A cultura será modificada a partir da transformação da vida de quem faz parte dos processos educacionais. Nietzsche pensa que “... a cultura só pode nascer, crescer, desenvolver-se a partir da vida e das necessidades de vida...” (MARIA, 1999; p. 60). Hoje, é possível encontrar os embates, os conflitos advindos das motivações abstratas, dos modos de ver e de ler o mundo que nos cerca. Conflitos gerados entre concepções violentas e visões de mundo mais esclarecidas, mais humanas, mais lúcidas. As guerras ideológicas se dão não só pelas ideologias religiosas, podem se dá também pelas ideologias educacionais. O filme citado nos mostra a “guerra” que havia entre a professora ‘G’ e certa coordenadora do colégio. Para a coordenadora, aqueles estudantes deviam receber o resto (livros danificados) porque, de fato, eles iriam sumir com o tempo, iriam desaparecer aos poucos... Ela desconsiderava, entretanto, que o sumiço dos estudantes ao qual se referia se dava com a morte destes, vítimas da guerra entre gangs.

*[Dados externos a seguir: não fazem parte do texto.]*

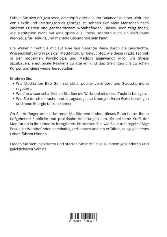 Fühlen Sie sich oft gestresst, erschöpft oder aus der Balance? In einer Welt, die von Hektik und Leistungsdruck geprägt ist, sehnen sich viele Menschen nach innerem Frieden und ganzheitlichem Wohlbefinden. Dieses Buch zeigt Ihnen, wie Meditation nicht nur eine spirituelle Praxis, sondern auch ein kraftvolles Werkzeug für Heilung und mentale Gesundheit sein kann.Urs Weber nimmt Sie mit auf eine faszinierende Reise durch die Geschichte, Wissenschaft und Praxis der Meditation. Er beleuchtet, wie diese uralte Technik in der modernen Psychologie und Medizin angewandt wird, um Stress abzubauen, emotionale Resilienz zu stärken und das Gleichgewicht zwischen Körper und Geist wiederherzustellen.Erfahren Sie:Wie Meditation Ihre Gehirnstruktur positiv verändert und Stresshormone reguliert.Welche wissenschaftlichen Studien die Wirksamkeit dieser Technik belegen.Wie Sie durch einfache und alltagstaugliche Übungen Ihren Geist beruhigen und neue Energie tanken können.Ob Sie Anfänger oder erfahrener Meditierender sind, dieses Buch bietet Ihnen tiefgehende Einblicke und praktische Anleitungen, um die heilsame Kraft der Meditation in Ihr Leben zu integrieren. Entdecken Sie, wie Sie durch regelmäßige Praxis Ihr Wohlbefinden nachhaltig verbessern und ein erfülltes, ausgeglichenes Leben führen können.Lassen Sie sich inspirieren und starten Sie Ihre Reise zu einem gesünderen und glücklicheren Selbst!
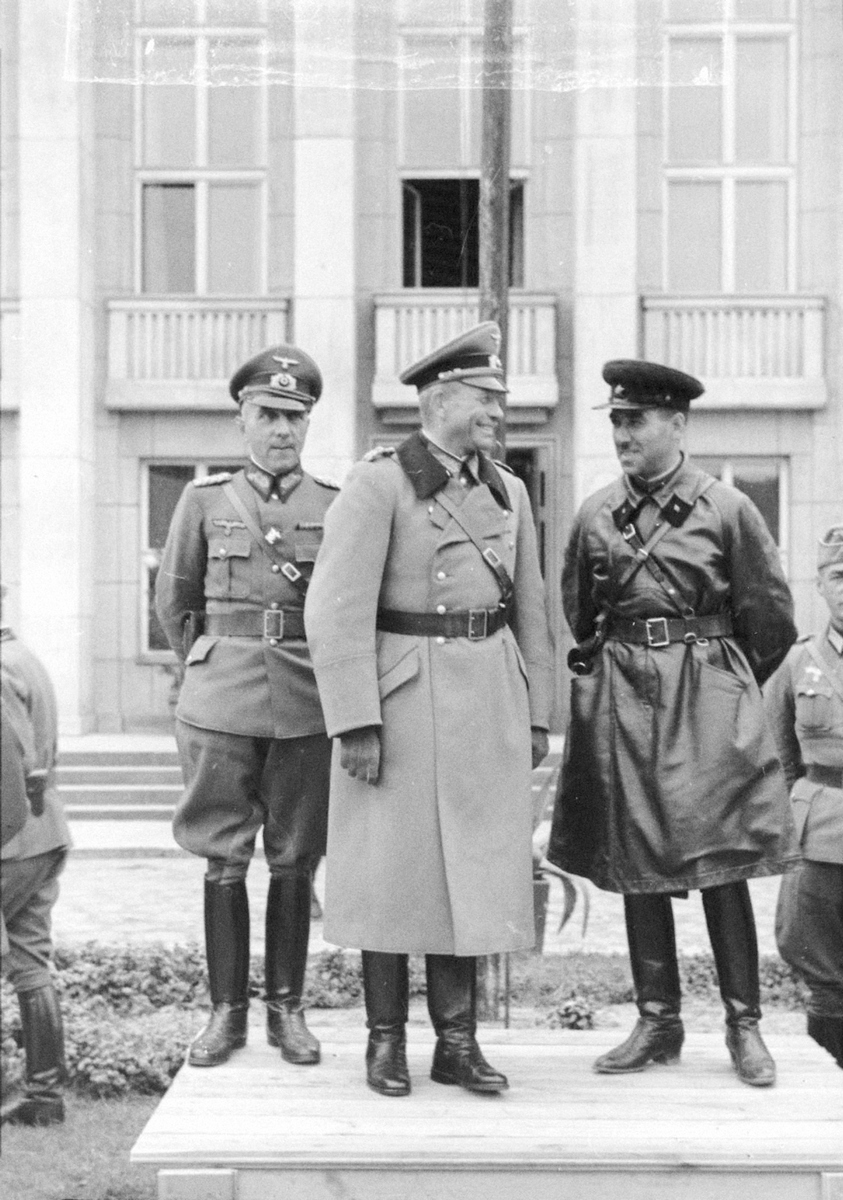 • Německý generál Heinz Guderian, po jeho boku stojí kombrig (brigádní generál) Semjon Krivošejn, vlevo generál Mauritz von Wiktorin. (foto: Wikimedia Commons, Bundesarchiv, CC BY-SA 3.0 DE)
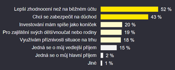 Nejčastějším důvodem Čechů k investování je právě snaha o dosažení vyššího zhodnocení úspor než na běžném účtu a dále také potřeba zabezpečit se na důchod – spíše tedy delší investiční horizont. Jako koníček považuje investování jen 20 % respondentů a 15 % si skrze investování buduje pasivní příjem.
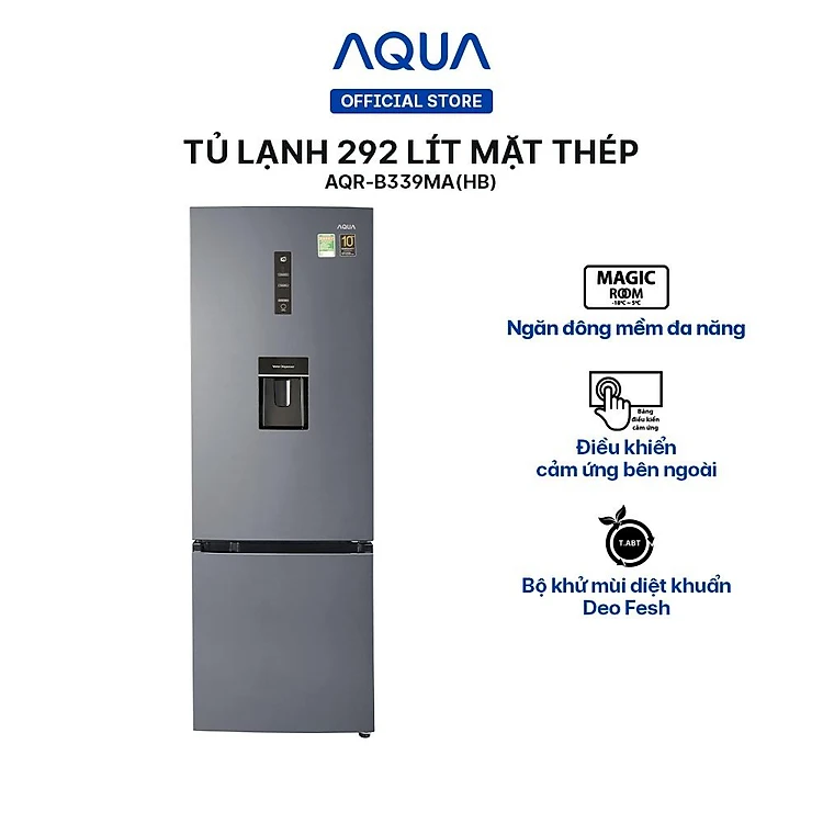 Tủ lạnh ngăn đông dưới Aqua 292 Lít AQR-B339MA(HB) - Hàng chính hãng - Chỉ giao HCM, Hà Nội, Đà Nẵng, Hải Phòng, Bình Dương, Đồng Nai, Cần Thơ
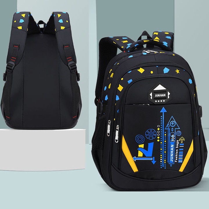 Thiết kế : nhiều ngăn rộng rãi, ngăn chính, ngăn phụ, ngăn chưa đồ, ngăn đựng hộp bút, ngăn đựng bình nước bên sườn. Dây đeo: có thể tùy chỉnh dây đeo, chất liệu đặc biệt đáp ứng đàn hồi làm giảm bớt căng thẳng, mồ hôi, mang theo sự thoải mái hơn khi đến trường hay đi học về. Chất liệu sử dụng đã qua kiểm định thân thiện môi trường không độc hại, siêu di động, thiết kế thông gió đầy đủ, an toàn với trẻ em, siêu nhẹ, quai đeo có lỗ thông thoáng khí giúp trẻ thoải mái khi đeo. Balo Học Sinh Siêu nhẹ chống thấm chống nước cao cấp được làm từ Vải cao cấp mềm nhẹ không thấm nước. Do đó, khi đi dưới trời mưa sách vở của bé cũng không bị ướt. Balo cặp học sinh được thiết kế tỉ mỉ và cẩn thận đến từng mũi may nên có độ bền rất cao. Với quy trình nghiên cứu, sản xuất và phát triển sản phẩm khắt khe của tiêu chuẩn công nghệ cao những chiếc cặp mang đầy đủ những đặc điểm nổi bật hỗ trợ hệ cơ xương các bé trong quá trình sử dụng. Được thiết kế bằng những chất liệu cao cấp, siêu nhẹ, chiếc cặp có trọng lượng chưa đến 1kg, giúp giảm tối đa trọng lực tác dụng lên đôi vai bé nhỏ của các bé. Với những ưu điểm nổi trội của Balo học sinh nam nữ chống thấm chống nước cao cấp mang lại, các bậc cha mẹ hoàn toàn yên tâm về sức khỏe hệ cơ xương của các con khi đến trường. THÔNG TIN SẢN PHẨM: Balo Học Sinh Siêu nhẹ - Trọng lượng siêu nhẹ, chỉ tầm 550 glàm giảm tải sức nặng lên đôi vai các em
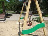 На сравнительно небольшой территории подрядной организацией уже установлены шесть детских игровых элементов из дерева - балансир, горка, качели, вертушка и другие.
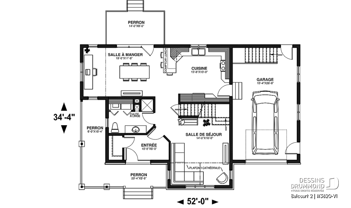 Accès au sous-sol du garage, Bain et douche séparés, Walk-in ch. maîtres, Salle de lavage au rez-de-chaussée, Comptoir-lunch, Vestiaire, Coin bureau, Plafond cathédrale

Conciliar transmissão de conhecimentos, de conceitos com ações humanas, transformadoras de vida e de situações de violência que atingem a vida dos jovens aprendizes é o caminho para uma educação realmente transformadora. Não se pode ser um erudito, se o seu processo educacional se dá em meio á violência doméstica, à prostituição, em meio às drogas, etc. A educação transformadora modifica realidades não só individuais, mas também de comunidades, de famílias, de estruturas sociais. Transforma a coletividade, o social. O aprendizado que o filme propicia se constitui num ponto de partida para nortear a ação educativa de quem se aventura nesta doce e radical profissão.
Bibliografia Consultada:
1. MARIA R. D. Nietzsche Educador. São Paulo: ed. Scipione, 1990;
2. MORIN Edgar. A Cabeça Bem-Feita: repensar a reforma, reformar o pensamento. Rio de Janeiro: Bertrand Brasil, 2009.